Thankfully the answer to the first question is yes. The problem with 6 is that 2^x mod 6 flips between 2 and 4 which coincidentally are a multiple of 2 from each other, so that for an even x > 1,

[2^x mod 6] / 2^x == [2^(x+1) mod 6] / 2^(x+1)

Thus 6 is an exception rather than the rule. It is possible to find larger moduli that yield consecutive powers of 2 in the same way, but eventually this must wrap around, and the probability of a discard will be reduced.

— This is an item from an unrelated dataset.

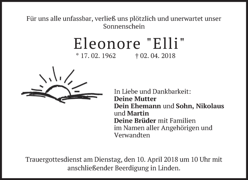 Hier finden Sie alle Traueranzeigen aus der Zeitung, die bisher für Eleonore erschienen sind. Weitere Traueranzeigen, die in der Zeitung erscheinen, werden hier ebenfalls aufgelistet
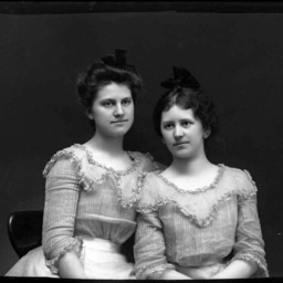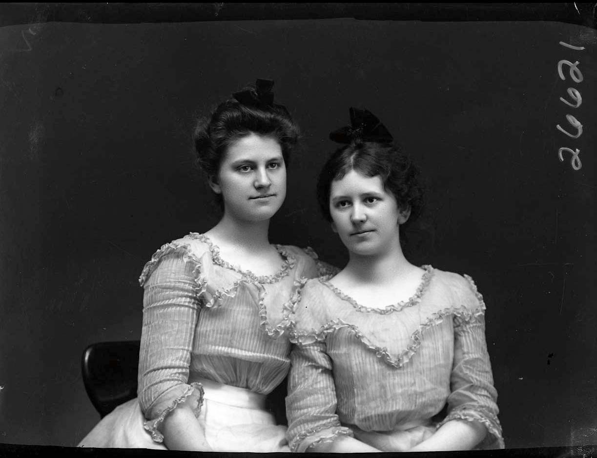 Two unidentified young women posed together and wearing matching outfits and bows in their hair.

Without offering further proof, in general using double the number of bits required will provide a smaller, usually insignificant, chance of a discard.

Proof of Concept

Here is an example program that uses OpenSSL's libcrypo to supply random bytes. When compiling, be sure to link to the library with -lcrypto which most everyone should have available.

#include <iostream>
#include <assert.h>
#include <limits>
#include <openssl/rand.h>

volatile uint32_t dummy;
uint64_t discardCount;

uint32_t uniformRandomUint32(uint32_t upperBound)
{
    assert(RAND_status() == 1);
    uint64_t discard = (std::numeric_limits<uint64_t>::max() - upperBound) % upperBound;
    uint64_t randomPool = RAND_bytes((uint8_t*)(&randomPool), sizeof(randomPool));

    while(randomPool > (std::numeric_limits<uint64_t>::max() - discard)) {
        RAND_bytes((uint8_t*)(&randomPool), sizeof(randomPool));
        ++discardCount;
    }

    return randomPool % upperBound;
}

int main() {
    discardCount = 0;

    const uint32_t MODULUS = (1ul << 31)-1;
    const uint32_t ROLLS = 10000000;

    for(uint32_t i = 0; i < ROLLS; ++i) {
        dummy = uniformRandomUint32(MODULUS);
    }
    std::cout << "Discard count = " << discardCount << std::endl;
}

I encourage playing with the MODULUS and ROLLS values to see how many re-rolls actually happen under most conditions. A sceptical person may also wish to save the computed values to file and verify the distribution appears normal.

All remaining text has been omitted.